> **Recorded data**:
================
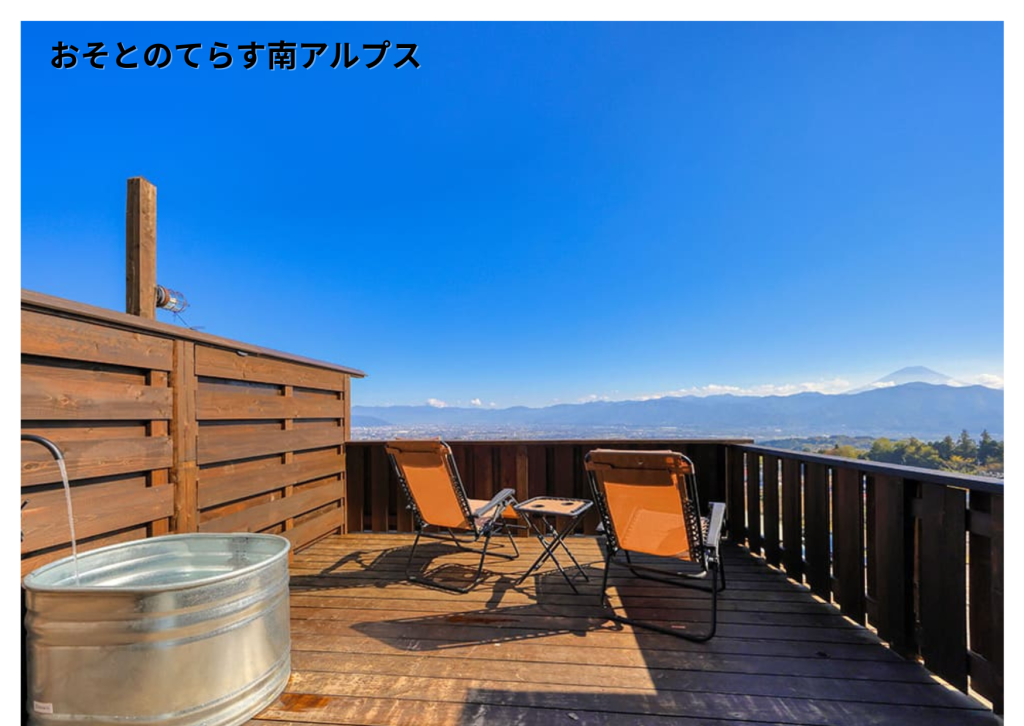 - おそとのてらす 南アルプス(山梨県):薪ストーブをつかった国産檜のプライベートサウナと 南アルプスの名水を使った檜の水風呂
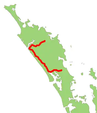 | Straßenende: | Brynderwyn (36° 5′ 48″ S, 174° 24′ 49″ O) |
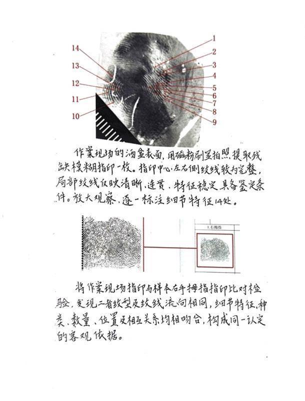 本文开头的那份指印鉴定报告,说来还有些曲折。当时,提取到这份指印后,杨小宇随即就认真分析了这枚残损而模糊的指纹,逐一标注“起点”“终点”“小棒”等细节特征,输入到指纹库中由电脑自动比对,却始终未比中。
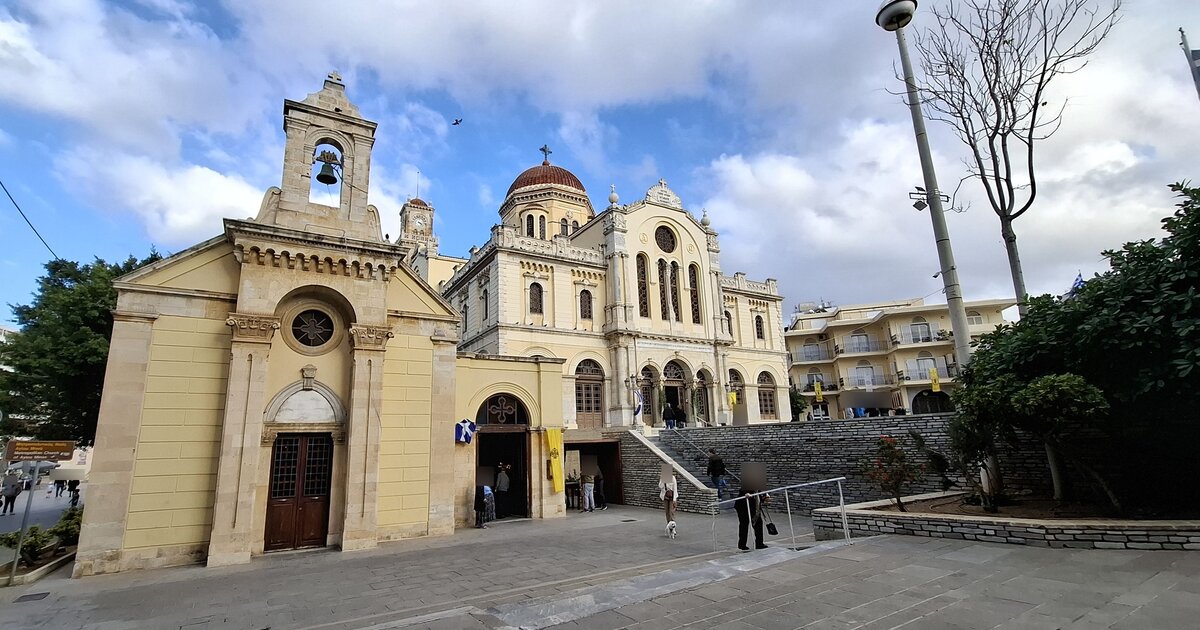 Ο παλαιός ναός του Αγίου Μηνά στέκει στη "σκιά" του επιβλητικού μεγάλου μητροπολιτικού ναού, ενός από τους μεγαλύτερους στην Ελλάδα, όπως επιβεβαίωσε σε πρόσφατη επίσκεψη της στο Ηράκλειο και η Υπουργός Πολιτισμού και αρχαιολόγος κ. Λίνα Μενδώνη.
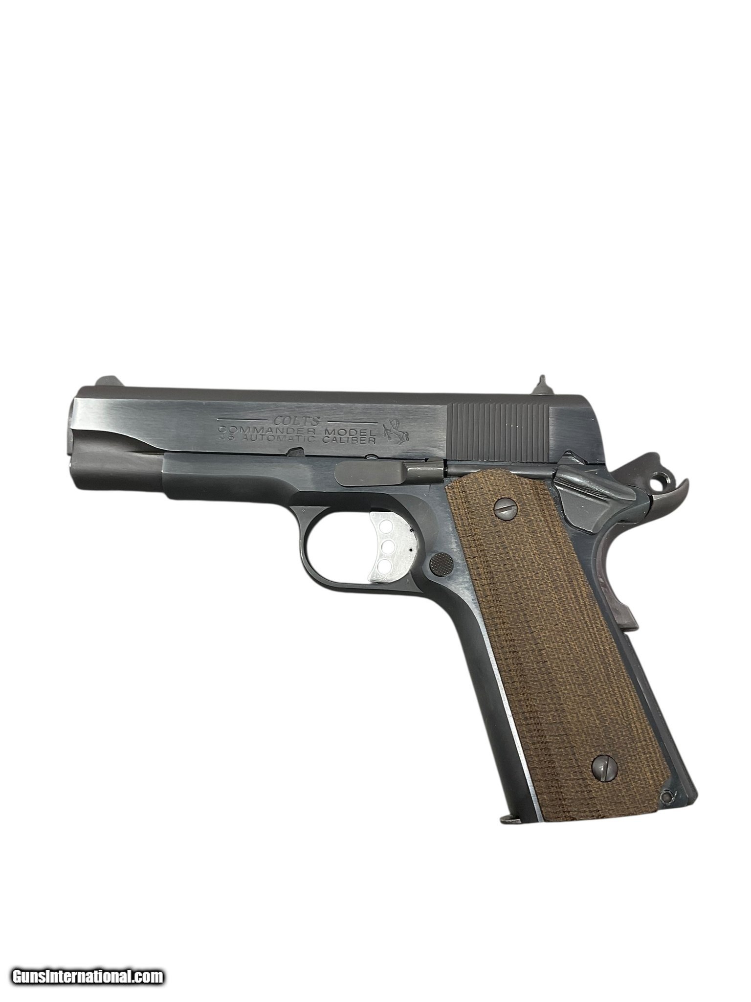 Description: Guns Listing ID: 572574 Gun only and has slight wear and tear SOLD Manufacturer: COLT Model: COMMANDER PLUS SERIES 80 Caliber Info: .45 ACP Condition: Used - Non-Certified Barrels: 4" BARREL Action: SEMI AUTOMATIC Finish: blued |
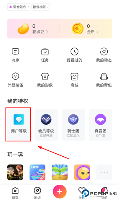 [我的] -切换为[用户] - [我的特权] - [用户等级]
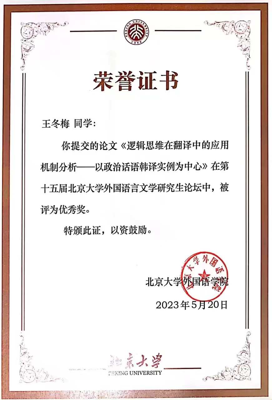 2023年5月20日,第十五届北京大学外国语言文学研究生论坛在北京大学举办。我院研究生踊跃投稿,其中22级亚非语言文学专业硕士研究生娄嘉澜(斯里兰卡社会文化方向)的文章《斯里兰卡护卫石的发展及雕刻图案的研究》获二等奖,21级亚非语言文学专业硕士研究生周汀鹭(波斯语言文学方向)的文章《多重边缘叙事:伊朗女性阿富汗移民的身份认同研究——以扎哈拉·侯赛尼扎德诗歌为例》获三等奖,22级中韩翻译学专业博士研究生王冬梅的文章《逻辑思维在翻译中的应用机制分析——以政治话语韩译实例为中心》、22级亚非语言文学专业硕士研究生李源毓(孟加拉社会文化方向)的文章《对孟加拉语小说<母亲>中英雄母亲的女性主义视角反思》和18级孟加拉语专业毕业生、伦敦大学学院在读硕士生徐仟慧的文章《在顺从、觉醒与反抗之间:孟加拉国成衣女工的“双重意识”》获得优秀奖。周汀鹭、王冬梅、李源毓参会进行了论文展示。
================
> **WHAT TO PRODUCE**: Transcribe the entries above verbatim, omitting their pictures.

> **EXPECTED ANSWER**:
 - おそとのてらす 南アルプス(山梨県):薪ストーブをつかった国産檜のプライベートサウナと 南アルプスの名水を使った檜の水風呂
 | Straßenende: | Brynderwyn (36° 5′ 48″ S, 174° 24′ 49″ O) |
 本文开头的那份指印鉴定报告,说来还有些曲折。当时,提取到这份指印后,杨小宇随即就认真分析了这枚残损而模糊的指纹,逐一标注“起点”“终点”“小棒”等细节特征,输入到指纹库中由电脑自动比对,却始终未比中。
 Ο παλαιός ναός του Αγίου Μηνά στέκει στη "σκιά" του επιβλητικού μεγάλου μητροπολιτικού ναού, ενός από τους μεγαλύτερους στην Ελλάδα, όπως επιβεβαίωσε σε πρόσφατη επίσκεψη της στο Ηράκλειο και η Υπουργός Πολιτισμού και αρχαιολόγος κ. Λίνα Μενδώνη.
 Description: Guns Listing ID: 572574 Gun only and has slight wear and tear SOLD Manufacturer: COLT Model: COMMANDER PLUS SERIES 80 Caliber Info: .45 ACP Condition: Used - Non-Certified Barrels: 4" BARREL Action: SEMI AUTOMATIC Finish: blued |
 [我的] -切换为[用户] - [我的特权] - [用户等级]
 2023年5月20日,第十五届北京大学外国语言文学研究生论坛在北京大学举办。我院研究生踊跃投稿,其中22级亚非语言文学专业硕士研究生娄嘉澜(斯里兰卡社会文化方向)的文章《斯里兰卡护卫石的发展及雕刻图案的研究》获二等奖,21级亚非语言文学专业硕士研究生周汀鹭(波斯语言文学方向)的文章《多重边缘叙事:伊朗女性阿富汗移民的身份认同研究——以扎哈拉·侯赛尼扎德诗歌为例》获三等奖,22级中韩翻译学专业博士研究生王冬梅的文章《逻辑思维在翻译中的应用机制分析——以政治话语韩译实例为中心》、22级亚非语言文学专业硕士研究生李源毓(孟加拉社会文化方向)的文章《对孟加拉语小说<母亲>中英雄母亲的女性主义视角反思》和18级孟加拉语专业毕业生、伦敦大学学院在读硕士生徐仟慧的文章《在顺从、觉醒与反抗之间:孟加拉国成衣女工的“双重意识”》获得优秀奖。周汀鹭、王冬梅、李源毓参会进行了论文展示。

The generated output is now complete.